奇妙な店員と喫茶店ベリエル
「遥人、今日はどこ行く?」
放課後になればそんな声が聞こえる。
大して大きくもないこの街には、何か不便があるわけでもなく普通の生活をするには充分だ。幼稚園から大学まであるし、病院から食品スーパーもしっかりある。昔懐かしい商店街もいまだに健在だ。最近は大型ショッピングモールがぽつぽつと出来始めて個人経営の店は危ないらしいが、今の段階ではまだ生き残っている。
「いつものところでいいんじゃない?」
僕と正人は小学校の頃からずっと一緒に過ごしている。久保正人、この名を高校で知らない人はいないだろう。ことあるたびに問題を起こす厄介者だ。しかし、それでいて僕よりも頭が良い。普段から思ったことを口に出さずにはいられない、そんな性格をしている。
「まあやることもないからいいか」
最近僕たちは新しいたまり場を見つけた。少し前まではゲームセンターに良く遊びに言ったものだが、金遣いが荒いと妹のちひろにさんざん言われてしまったのでお金をそんなに使わないところに行くこと変えたのだ。

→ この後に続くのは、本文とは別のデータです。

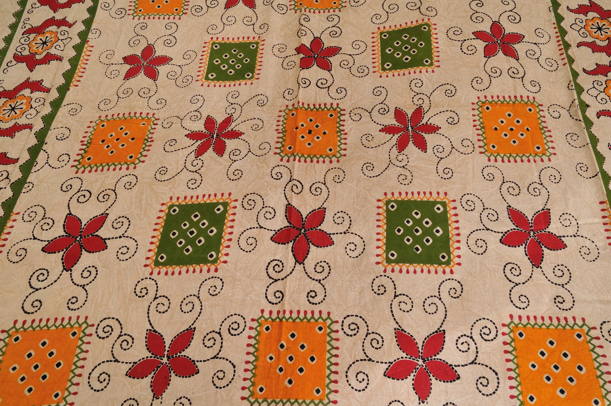 Bedsheet from Pilkhuwa with Block-Printed Elephants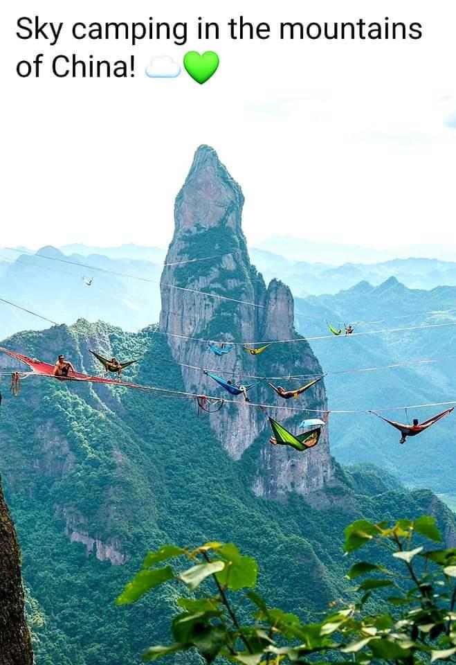 Прыжки со скал в Китае. (Шутка). Это такой кемпинг у них там.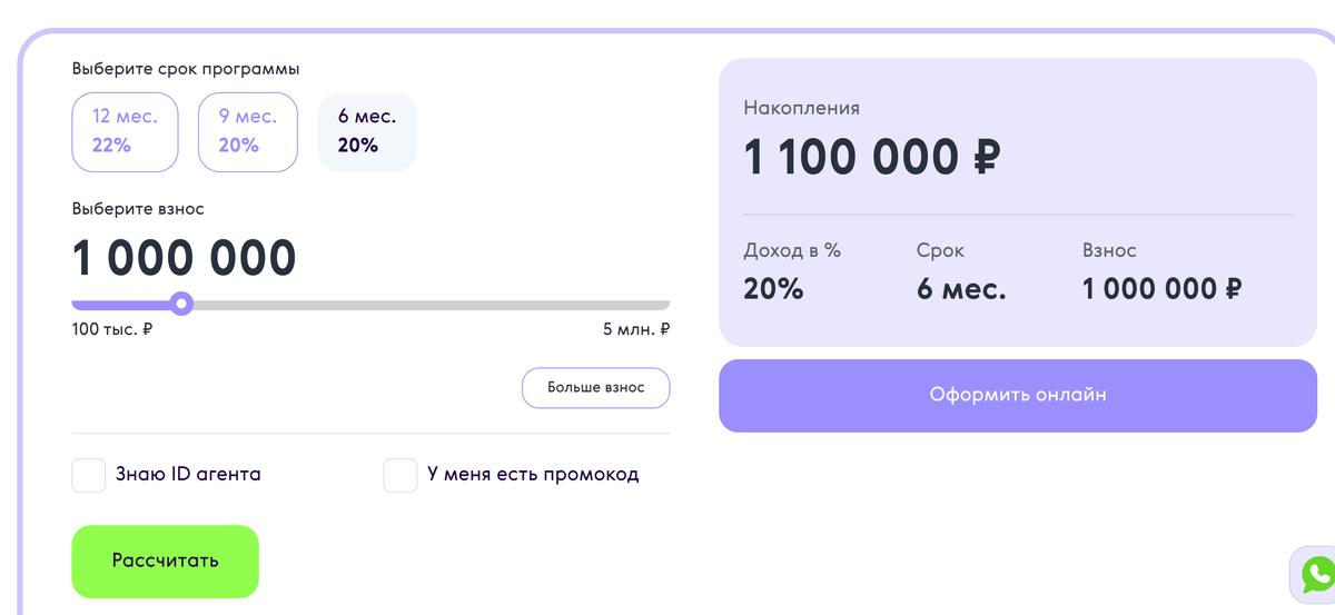 На ноябрь 2024 года ставка составляет 20% годовых. - Указываем желаемую сумму для вложения и оформляем заявку онлайн.
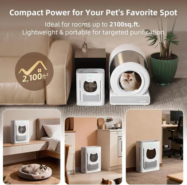 Smart Control & Quiet Operation: Compact Yet Powerful for 24/7 Use - Supports 2.4GH z WiFi and app control for real-time air quality monitoring and easy mode switching. Features air quality indicator light, auto mode, timer, and filter replacement reminders. Designed with a compact body and ultra-quiet 25dB sleep mode, it runs gently without disturbing skittish or sensitive pets. Perfect for bedrooms, pet rooms, or placing close to litter boxes for continuous targeted purification.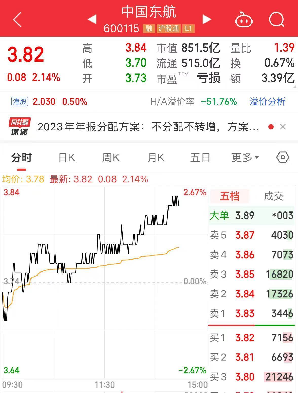 截至发稿,中国东航股价涨2.14%,报3.82元/股,总市值851.5亿元。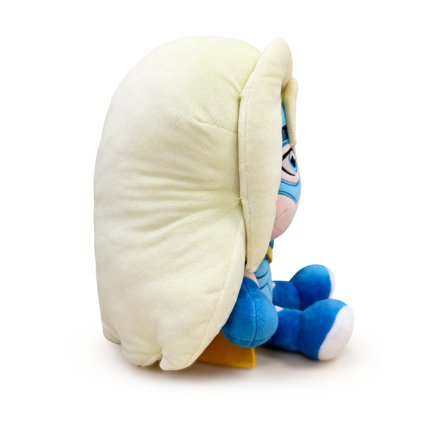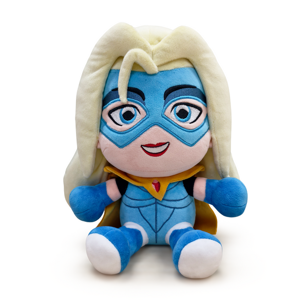 When Blonde Blazer says she wants a Youtooz, you make her a Youtooz! There’s no way we were gonna say no! Sitting at 9 inches tall, a huge smile on her face as a blue mask covers the top, leaving her bright, kind eyes visible, long blonde hair parts in the middle and falls down her back as a single strand flicks over her forehead. Wearing a light blue suit that has a yellow collar with a red gem at its center, a long cape hangs from her shoulders as dark blue gloves match her boots. This plush is packed to the seams with 100% PP cotton and is made of the softest minky material, absolutely perfect for cuddling or fighting crime with!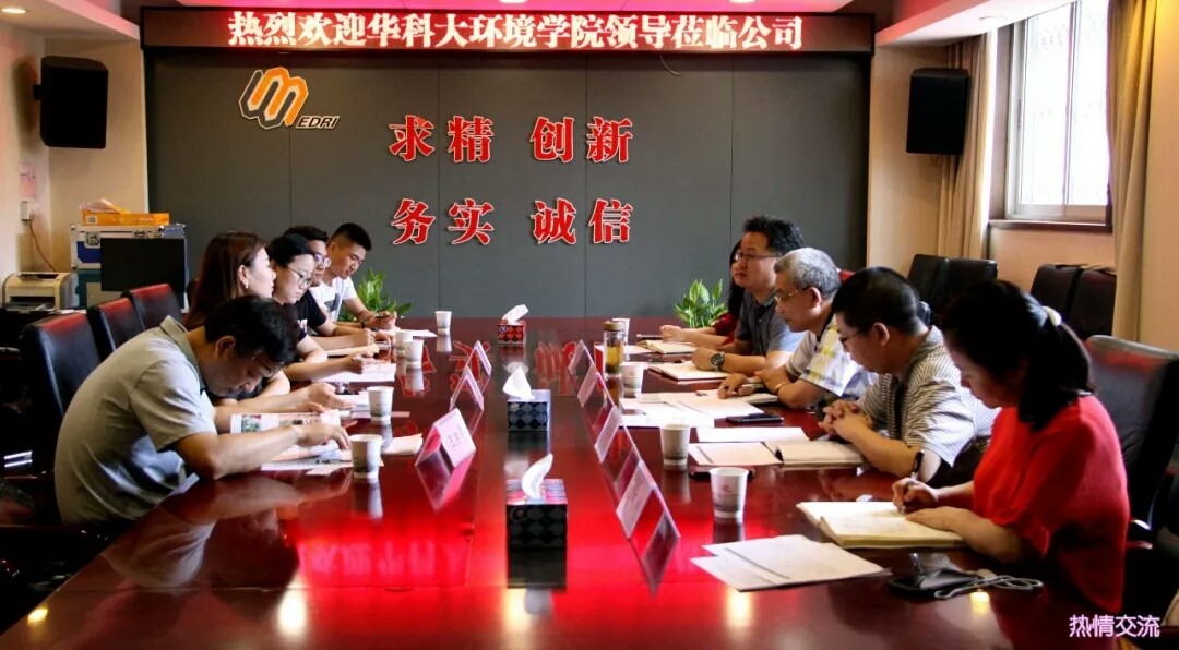 交流中,武汉市政副总经理周俊对武汉市政的历史沿革、组织结构以及人才队伍进行了介绍,对华中大为武汉市政院输送大量人才表达了感谢,他希望通过建立教育实习基地的方式进一步加深与华中大环境学院的合作。饶院长作为校友,也深切表达了自己对母校的深厚感情,他表示,环境学院是他的家,武汉市政院的发展与华中大环境学院密不可分,希望通过与环境学院的交流合作,促进双边的共同发展。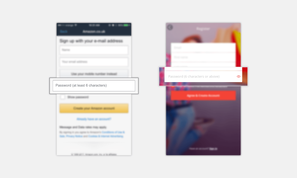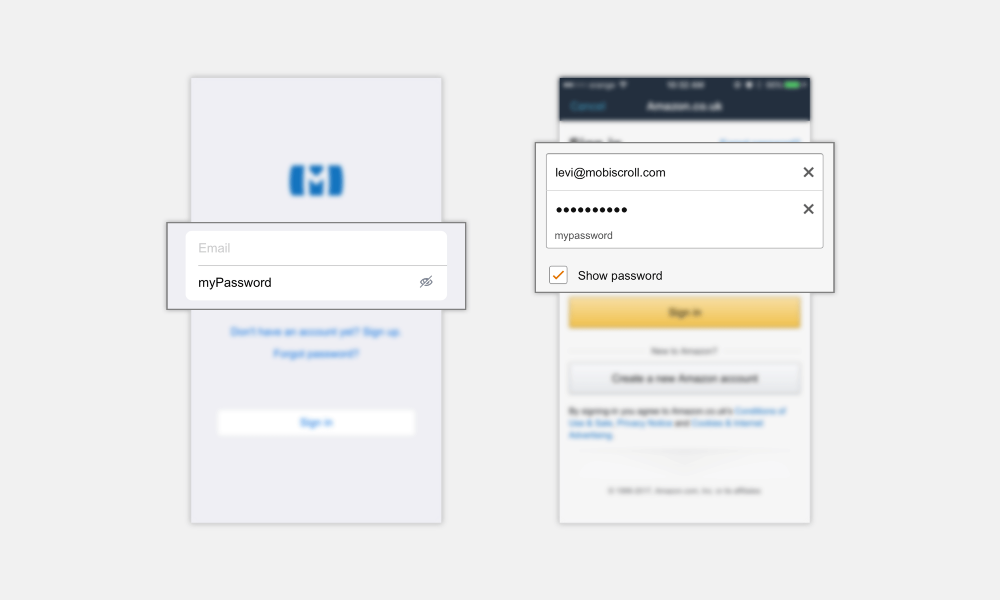 可以考慮讓密碼可見。這對(duì)用戶登錄和注冊(cè)有幫助。不用再次輸入確認(rèn),用密碼輸入框來(lái)切換顯示隱藏,幫助用戶確認(rèn)首次輸入是否正確。顯示和隱藏的功能可以用一個(gè)小圖標(biāo)、一行文字標(biāo)簽、或者勾選框來(lái)表示。亞馬遜對(duì)此做了些小變化,把隱藏字符保留在輸入框里,在下方顯示完整密碼。增強(qiáng)了用戶的信心,減少焦慮,表達(dá)出密碼被妥善處理的事實(shí)。

と、言っても小さな公園でボーっとするだけなのだが……。
「ねえ、この頃思うんだけどさ、今までは結構遊んできたのになんで今になってこんなことするの?」
「ん? あー、それはあれだよ。俺の気分さ」
見た目こそ銀髪の吊り目、人より大きな体、そしてぶっきらぼうな話し方。そんな正人を一瞬目にしただけでみんな周りからいなくなる。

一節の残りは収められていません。